When the two copper-clad laminated sheets 100 and 200 are bonded with the bonding layer 300 interposed therebetween in this manner, the bonding layer 300 configured to lose the adhesive force at a predetermined temperature or higher as shown in FIG. 2, A pair of second copper foils 122 and 222 attached to both sides of the bonding layer 300 and a pair of cores 110 and 210 stacked on the pair of second copper foils 122 and 222, And a pair of first copper foils 121 and 221 stacked on each of the pair of cores 110 and 210 and thinner than the thickness of the pair of second copper foils 122 and 222.

Next, as shown in FIG. 3, surface treatment for laser processing is performed on the surface of the copper-clad laminate 100 (200) bonded with the bonding layer 300 as a center. That is, patterns 123 and 223 can be formed on the first copper foils 121 and 221 (FIG. 3A) or organic materials 124 and 224 (FIG. 3B) can be formed on the surfaces of the first copper foils 121 and 221. 3A, a pattern is formed on the first copper foils 121 and 221 to form a laser processing pattern by etching the first copper foil 121 and 221 in order to apply a conformal laser processing method. Similarly, in order to treat the surface of the first copper foils 121 and 221 with an organic matter, the copper direct laser processing method is applied and lamination in subsequent steps is facilitated.

The blackening process may be applied to the copper clad laminate 100 and the copper clad laminate 100 attached by the bonding layer 300. In this case, By oxidizing the surfaces of the first copper foils 121, 221 stacked on both sides of the first copper foil 121, 221, and may be composed of a thin insulating layer.

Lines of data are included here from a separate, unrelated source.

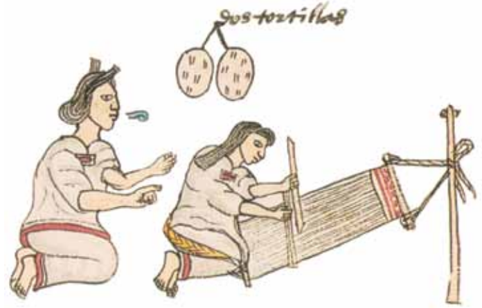
La pictografía nos muestra a una jovencita tejiendo en telar de cintura, en tanto una mujer adulta la supervisa y le confiere consejos; en la parte superior se observan dos tortillas, las cuales aluden a la ración a la que tenía derecho. Códice Mendocino foja 60r.

El valor social conferido a las labores textiles no sólo era a nivel familiar, sino que se halla expresado en la retórica de los gobernantes, quienes en sus discursos mencionaban, metafóricamente, que su hablar nunca podría crear cosas tan bellas como lo hace el malacatl y el tzotzopaztli . Los consejos serían reiterativos en cada etapa de la vida de la mujer, primeramente las exhortaciones eran para encausar y alentar a las niñas hacia las labores textiles, posteriormente los consejos buscaban que la mujer no abandonara esta actividad y buscara dominarla a la perfección, como lo describe Alonzo de Zorita: "Ten cuidado de la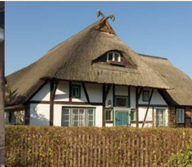
alter Brauch: Wendeknüttel

Sie erreichen uns über die A19 – Ausfahrt Rostock Ost (Nr.6) in Richtung Stralsund, Ribnitz-Damgarten abbiegen und dann der B105 folgen. In Altheide biegen Sie links ab, Richtung Prerow, Fischland/Darß und bleiben auf der Hauptstraße bis Wustrow. In Wustrow biegen Sie nach der Kirche rechts ab, Richtung Hafen; das letzte Haus auf der linken Seite ist Ihre Ferienwohnung im Haus Emily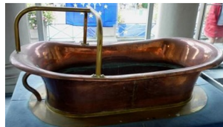
Une baignoire en cuivre d'époque rappellera combien l'eau est aussi source... de bien-être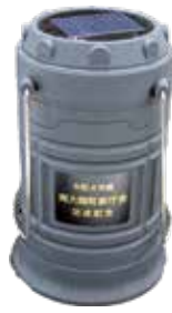
新庁舎完成記念品 ソーラー充電ランタン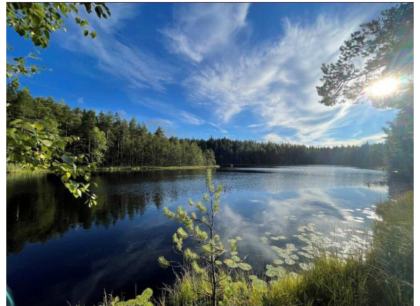
Särkijärvi 湖 (天氣晴朗時)

4A to 4B, the via holes 125 and 225 may be formed in the cores 110 and 210 by performing laser processing on the laminated plate having the laser processing pattern formed thereon or the laminated plate having the surface treated with the organic material. In this case, the laser processing of the cores 110 and 210 may be performed using a CO ₂ laser, and the laminates in which laser processing patterns are formed as shown in FIG. 3A are formed on the cores 110 and 210 exposed by the patterns 123 and 223, The via holes 125 and 225 can be formed by laser processing the substrate 210 and the via holes 125 and 225 can be formed by irradiating the laser on both surfaces of the laminated substrate having the surface treated with organic material as shown in FIG. In the case of the surface the organic substance treatment laminate, typically CO ₂ laser is a copper foil, i.e., but able to penetrate the copper (Cu), a first copper foil (121, 221) by an organic treatment of the surface, so the CO ₂ laser permeable It is possible to form the via hole through the first copper foils 121 and 221 because it is thin.

4, when the via holes 125 and 225 are formed by laser processing on the copper-clad laminate 100 and 200 attached by the bonding layer 300, the bonding layer 300 and the via- The bonded copper foils 122 and 222 are formed to be thicker than the first copper foils 121 and 221 so that the CO ₂ laser can not be processed through the second copper foils 122 and 222.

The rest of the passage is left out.